The trade-off: more non-zeros buys recall but costs index size and retrieval latency. SPLADE’s sparsity hyperparameter (the L1 coefficient) is the lever for that curve.
Why production teams care
The practical pitch is operational compatibility. A search team running Elasticsearch already has an inverted index serving BM25 in production with sub-millisecond p99. SPLADE outputs are weighted term lists — exactly the shape an inverted index handles natively. You can deploy SPLADE by writing learned term-weight payloads into the existing index, querying with the same infrastructure, and getting neural-quality retrieval without spinning up a new vector database.
What infra it works with
Elasticsearch / OpenSearch — rank_features field type stores SPLADE term weights as a map. Query is a rank_features query summing weighted contributions.
Vespa — tensor field with sparse semantics. First-class support for learned sparse models.
Lucene / Tantivy — direct support via custom term frequencies on a custom analyzer.
Pyserini / Anserini — research-friendly Lucene wrappers used in most SPLADE papers.
How it scores
The retrieval score for a (query, document) pair is the dot product of their SPLADE vectors, executed efficiently on an inverted index: for each non-zero query term, look up the posting list, accumulate query_weight[term] * doc_weight[term] per document. Because both vectors are sparse, the total work is proportional to the number of non-zero query terms times the average posting list length — very similar to classic lexical retrieval.

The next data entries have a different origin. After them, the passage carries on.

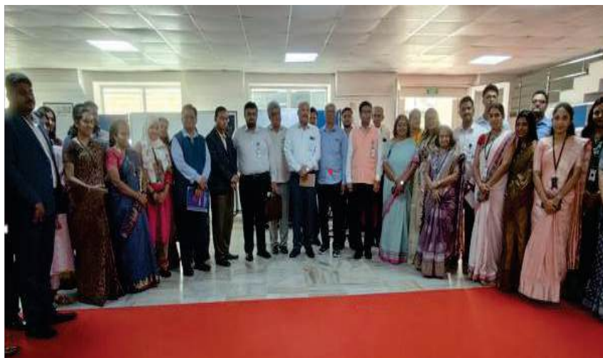
Successful NAAC PEER TEAM Visit to FMC - First Cycle on 28 May 2024
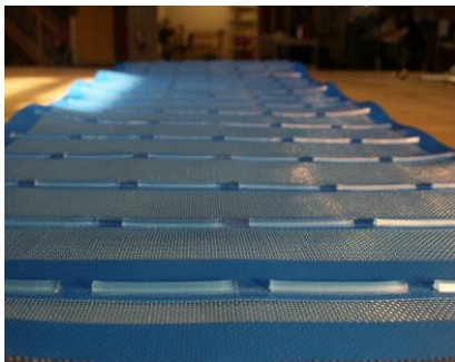
Chlorine resistant cleats and vguides can be added to the belts.

Belts are made with chlorine resistant compounds that withstand chemical wash-downs better than traditional PVC and PU reinforcement
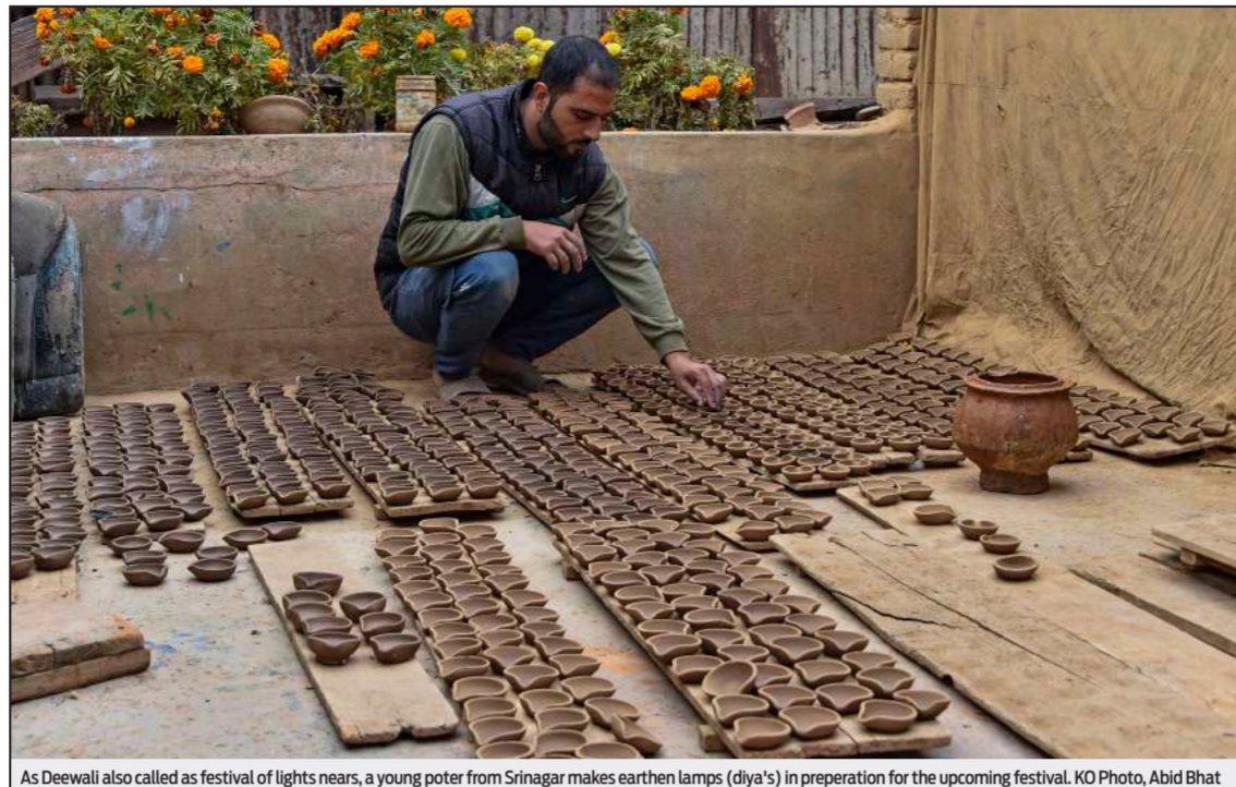
As Diwali also called as festival of lights nears, a young potter from Srinagar makes earthen lamps (diya's) in preparation for the upcoming festival.
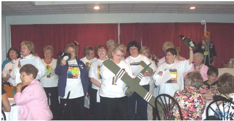
The UP invites us to Iron Mountain next May 14 – 16 for the GFWC MI Convention
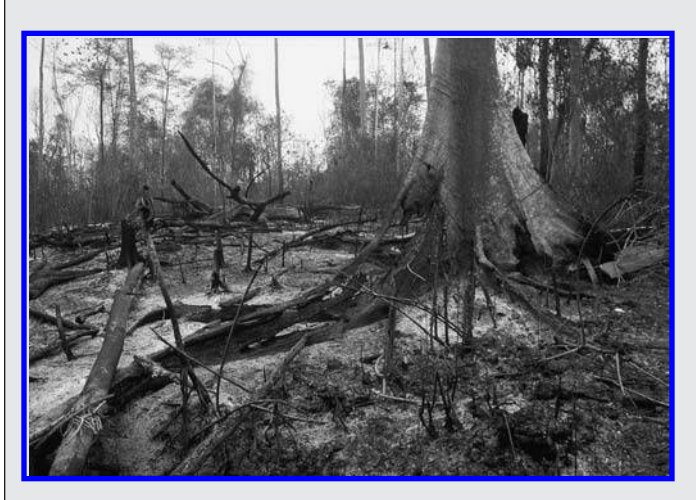
Figure 2. The burned forest at Sungai Wain following the fires in 1998. Over 60% of the park was burnt, leaving only about 4000 hectares of primary forest. However, it remains an important site for sun bear (Helarctos malayanus) conservation.

Sungai Wain's (S 1°16' E 116°54'; 9783 hectares) recent trajectory could not be more different from that of Lambir (box 1), but just 10 years ago, it appeared to be a lost cause. During the strong El Niño droughts in 1983 and 1998, approximately 60% of the reserve was burned (figure 2; Slik 2004). Simultaneously, it was suffering from poaching and illegal logging (Fredriksson and Nijman 2004). However, recognizing the importance of the forest for water security, in 2000, the city of Balikpapan set about improving Sungai Wain's protection. Regular enforcement patrols were established, and
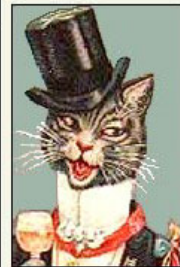
Spay and Neuter

WRITE CHECKS TO PCHS, MAIL TO PO BOX 1046, DUBLIN, VA 24084
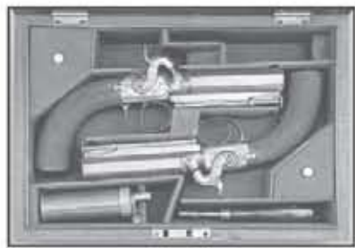
Cased Pair of Identified London Boxlock Percussion Pistols by James Wilkinson & Son
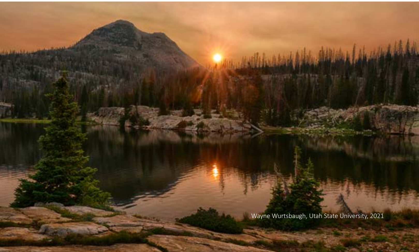
Wayne Wurtsbaugh, Utah State University, 2021

Measuring and tracking the results of water and land use integration is vital to determining whether your community’s plans and goals are being met. Growing Water Smart Metrics: Tracking the Integration of Water and Land Use Planning offers a set of indicators that can be assessed for year-over-year trends to demonstrate achievement of water savings through land use planning. Ten progress metrics track whether: the community’s land use plan integrates water efficiency and its water plan integrates land use strategies; conservation-oriented system development charges and pricing structures are being used; indoor and outdoor water efficiency measures are being utilized; and collaboration around development proposals is occurring. Fourteen impact metrics measure increasing or decreasing trends in water demand and use and trends in development patterns and land use.
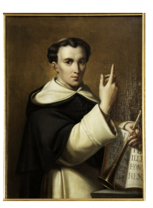
Feast Day: April 5

Readings for Palm Sunday, April 10, 2022 Isaiah 50:4-7 Philippians 2:6-11 Luke 22:14-23:56
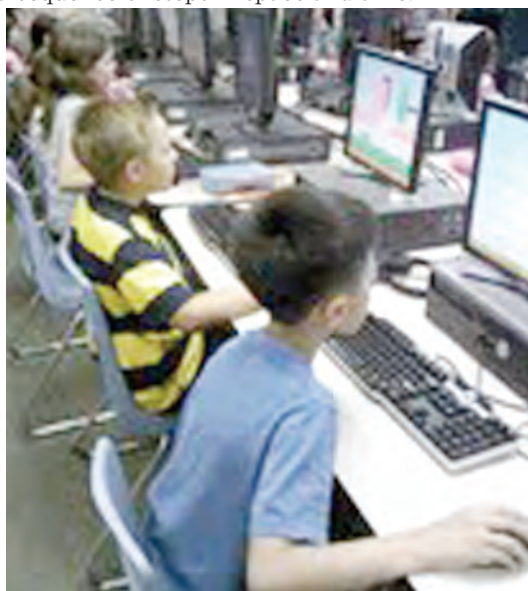
Students can't wait to get to the computer lab to work with JiJi.

This process is critical to solving problems in math, science and other curricular areas. All of our teachers were trained in September, and students were logged in on the first of October. Students and staff were so excited to get started, and they absolutely love JiJi the penguin. Everyone is engaged in solving math problems visually. ST Math promotes mastery-based learning in a unique way and increases mathematical understanding. We are looking forward to great success with JiJi!
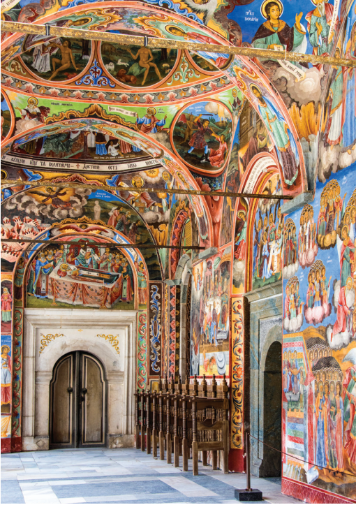
Sighisoara's medieval Old Town

Day 17: Depart for U.S. We transfer to the Bucharest airport for our return flights to the U.S. B
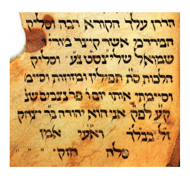
Fig. 196.2: The colophon on fol. 89r of codex 196.

Notwithstanding, it has become one of the most authoritative and influential sources of medieval Ashkenazi Halakhah .
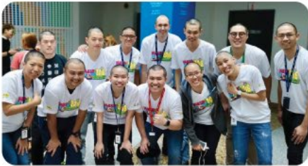
AbbVie Operations Singapore Pte Ltd

KMSPKS has, once again, emerged as among the top satellite event fundraisers for HfH 2018. In the past six years, KMSPKS has raised over a million dollars, in aid of children with cancer and their families.
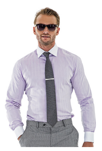
A spin on pinstriped banker shirts. Colour: Mauve, contrast white collar & cuffs Pattern: Herringbone Collar: Spread Cuffs: Adjustable 2-Button
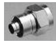
Crimp-On F-59A (M) with Attached 1/8" Ring.

Scoring complexity at retrieval time is therefore the same shape as BM25 . The cost moves to the encoding step: every query and every document must be encoded by the BERT model — millisecond-scale per query, but a meaningful corpus-wide expense at index time.
Where SPLADE wins and where it doesn’t
Where it loses: in-domain accuracy against a top-tier dense bi-encoder. Modern dense models with hard-negative mining and instruction tuning typically edge out SPLADE on the dataset they were trained on. SPLADE also struggles with very short queries (limited expansion signal) and with concepts that don’t have clean vocabulary representations (cross-lingual, code).
SPLADE is the upgrade path from BM25 when you want neural-quality retrieval but are operationally committed to inverted-index infrastructure, and especially when out-of-domain robustness matters. In pipelines already running a vector database at scale, hybrid search of BM25 plus dense plus a reranker usually beats SPLADE alone.
Go further
How does SPLADE actually produce a sparse vector?
Run a BERT-style encoder. For each token position, take the masked-language-model head's logits over the vocabulary. Apply ReLU and log(1+x) to enforce non-negativity and saturation. Max-pool across token positions. The result is a |V|-dim vector (~30K dims) where most entries are zero and the non-zero ones are learned term weights — including weights on tokens not present in the input (the 'expansion' part).
Why is SPLADE compatible with existing search infrastructure?
Because the output is sparse term weights over the same vocabulary an inverted index already handles. Elasticsearch, Vespa, Lucene-based systems can serve SPLADE scores by treating each non-zero dimension as a term with a weight. No new index type required; the operational story is BM25's. This is the deciding advantage for teams already running lexical search.
Out-of-domain generalization is its strongest pitch. On BEIR, SPLADE-v2 outperforms most dense models on domains it wasn't trained on (legal, biomedical, news) because lexical signals are robust where dense embeddings haven't seen the vocabulary. On in-domain benchmarks, well-trained dense bi-encoders typically still win narrowly.